> The records:

-*-*-

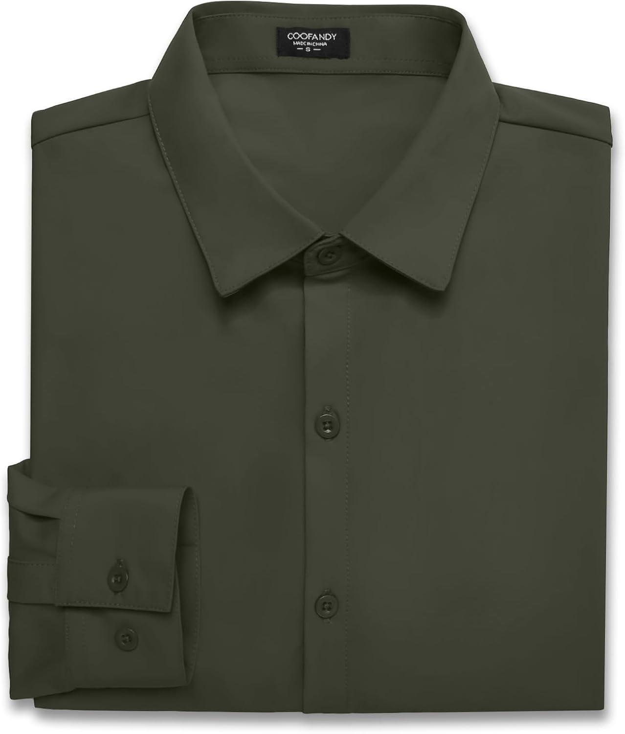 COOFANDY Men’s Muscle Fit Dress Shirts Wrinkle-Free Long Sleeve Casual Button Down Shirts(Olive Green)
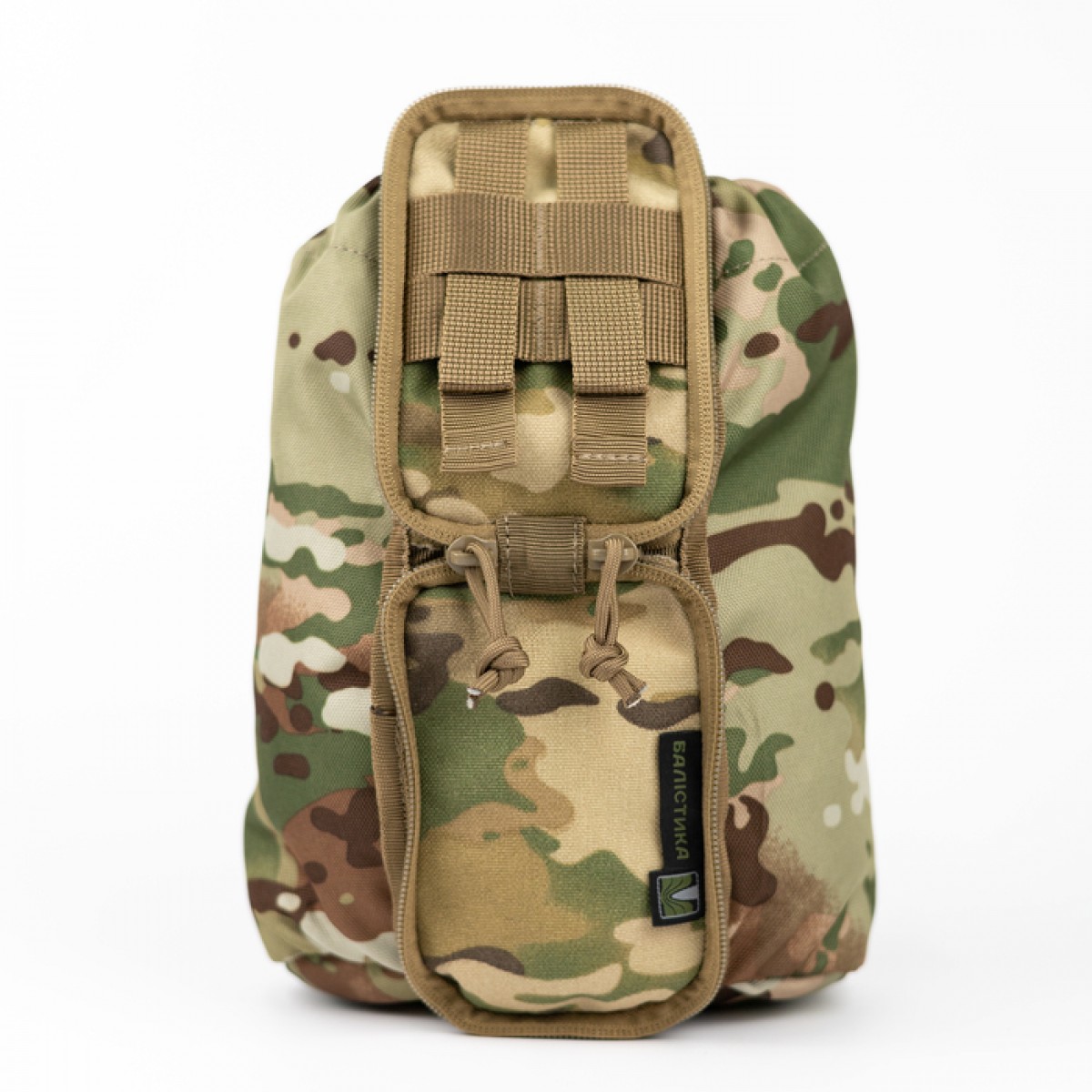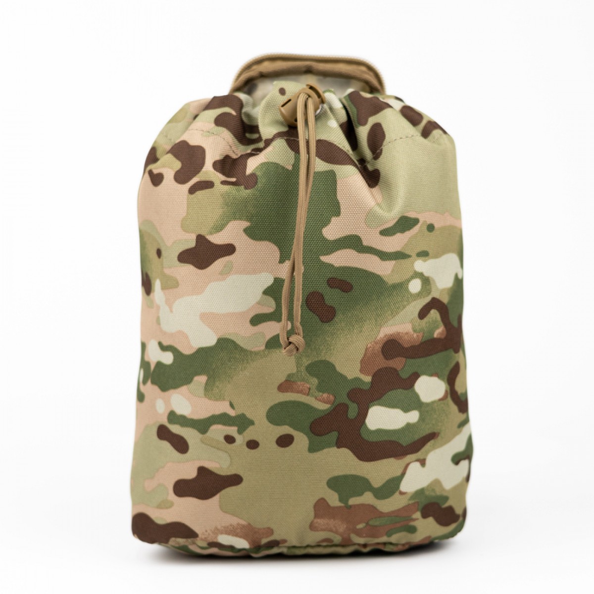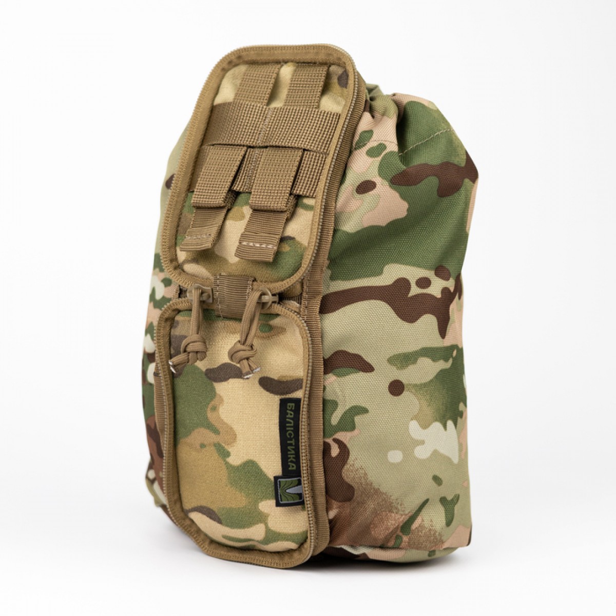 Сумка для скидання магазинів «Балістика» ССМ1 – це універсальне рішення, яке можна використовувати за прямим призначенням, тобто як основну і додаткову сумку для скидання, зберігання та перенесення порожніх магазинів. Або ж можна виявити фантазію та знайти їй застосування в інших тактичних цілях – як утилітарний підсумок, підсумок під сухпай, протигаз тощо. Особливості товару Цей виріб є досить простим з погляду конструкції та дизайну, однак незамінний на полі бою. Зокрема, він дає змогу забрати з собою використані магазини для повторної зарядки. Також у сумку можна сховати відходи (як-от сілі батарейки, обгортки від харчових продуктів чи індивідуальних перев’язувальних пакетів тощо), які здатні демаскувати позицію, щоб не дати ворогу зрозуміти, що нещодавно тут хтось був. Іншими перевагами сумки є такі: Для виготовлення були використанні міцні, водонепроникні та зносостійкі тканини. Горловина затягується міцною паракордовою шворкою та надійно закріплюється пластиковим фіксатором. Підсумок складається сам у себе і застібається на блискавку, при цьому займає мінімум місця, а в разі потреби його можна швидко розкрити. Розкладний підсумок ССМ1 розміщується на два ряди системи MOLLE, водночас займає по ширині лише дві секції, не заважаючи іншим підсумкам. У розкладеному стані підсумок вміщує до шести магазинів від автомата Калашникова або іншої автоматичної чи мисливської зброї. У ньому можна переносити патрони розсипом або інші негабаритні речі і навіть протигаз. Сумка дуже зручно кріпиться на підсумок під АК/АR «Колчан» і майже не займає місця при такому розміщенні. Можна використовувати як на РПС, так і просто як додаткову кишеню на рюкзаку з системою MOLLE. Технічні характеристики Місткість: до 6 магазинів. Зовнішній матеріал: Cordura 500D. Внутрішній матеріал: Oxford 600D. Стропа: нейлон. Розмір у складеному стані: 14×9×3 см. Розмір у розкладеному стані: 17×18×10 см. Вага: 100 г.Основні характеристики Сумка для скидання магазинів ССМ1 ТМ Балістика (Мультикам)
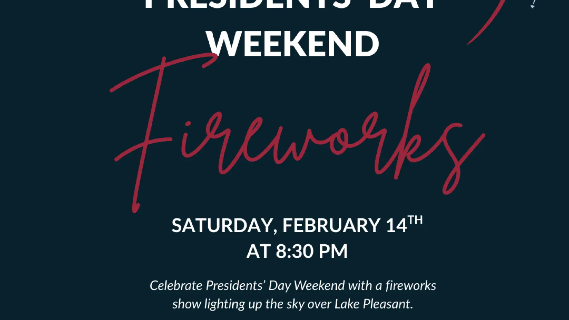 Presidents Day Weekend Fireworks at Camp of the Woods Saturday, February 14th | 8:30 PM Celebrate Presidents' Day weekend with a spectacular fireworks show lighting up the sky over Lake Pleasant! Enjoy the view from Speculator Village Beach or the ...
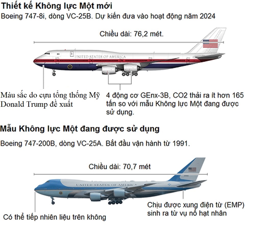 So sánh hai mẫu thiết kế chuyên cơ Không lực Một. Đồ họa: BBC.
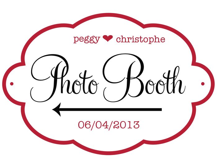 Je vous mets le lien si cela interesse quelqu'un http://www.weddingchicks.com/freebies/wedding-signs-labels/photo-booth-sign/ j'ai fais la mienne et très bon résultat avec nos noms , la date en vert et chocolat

-*-*-

> Task statement: Transcribe the listing exactly; omit all images.

> Answer space:
 COOFANDY Men’s Muscle Fit Dress Shirts Wrinkle-Free Long Sleeve Casual Button Down Shirts(Olive Green)
 Сумка для скидання магазинів «Балістика» ССМ1 – це універсальне рішення, яке можна використовувати за прямим призначенням, тобто як основну і додаткову сумку для скидання, зберігання та перенесення порожніх магазинів. Або ж можна виявити фантазію та знайти їй застосування в інших тактичних цілях – як утилітарний підсумок, підсумок під сухпай, протигаз тощо. Особливості товару Цей виріб є досить простим з погляду конструкції та дизайну, однак незамінний на полі бою. Зокрема, він дає змогу забрати з собою використані магазини для повторної зарядки. Також у сумку можна сховати відходи (як-от сілі батарейки, обгортки від харчових продуктів чи індивідуальних перев’язувальних пакетів тощо), які здатні демаскувати позицію, щоб не дати ворогу зрозуміти, що нещодавно тут хтось був. Іншими перевагами сумки є такі: Для виготовлення були використанні міцні, водонепроникні та зносостійкі тканини. Горловина затягується міцною паракордовою шворкою та надійно закріплюється пластиковим фіксатором. Підсумок складається сам у себе і застібається на блискавку, при цьому займає мінімум місця, а в разі потреби його можна швидко розкрити. Розкладний підсумок ССМ1 розміщується на два ряди системи MOLLE, водночас займає по ширині лише дві секції, не заважаючи іншим підсумкам. У розкладеному стані підсумок вміщує до шести магазинів від автомата Калашникова або іншої автоматичної чи мисливської зброї. У ньому можна переносити патрони розсипом або інші негабаритні речі і навіть протигаз. Сумка дуже зручно кріпиться на підсумок під АК/АR «Колчан» і майже не займає місця при такому розміщенні. Можна використовувати як на РПС, так і просто як додаткову кишеню на рюкзаку з системою MOLLE. Технічні характеристики Місткість: до 6 магазинів. Зовнішній матеріал: Cordura 500D. Внутрішній матеріал: Oxford 600D. Стропа: нейлон. Розмір у складеному стані: 14×9×3 см. Розмір у розкладеному стані: 17×18×10 см. Вага: 100 г.Основні характеристики Сумка для скидання магазинів ССМ1 ТМ Балістика (Мультикам)
 Presidents Day Weekend Fireworks at Camp of the Woods Saturday, February 14th | 8:30 PM Celebrate Presidents' Day weekend with a spectacular fireworks show lighting up the sky over Lake Pleasant! Enjoy the view from Speculator Village Beach or the ...
 So sánh hai mẫu thiết kế chuyên cơ Không lực Một. Đồ họa: BBC.
 Je vous mets le lien si cela interesse quelqu'un http://www.weddingchicks.com/freebies/wedding-signs-labels/photo-booth-sign/ j'ai fais la mienne et très bon résultat avec nos noms , la date en vert et chocolat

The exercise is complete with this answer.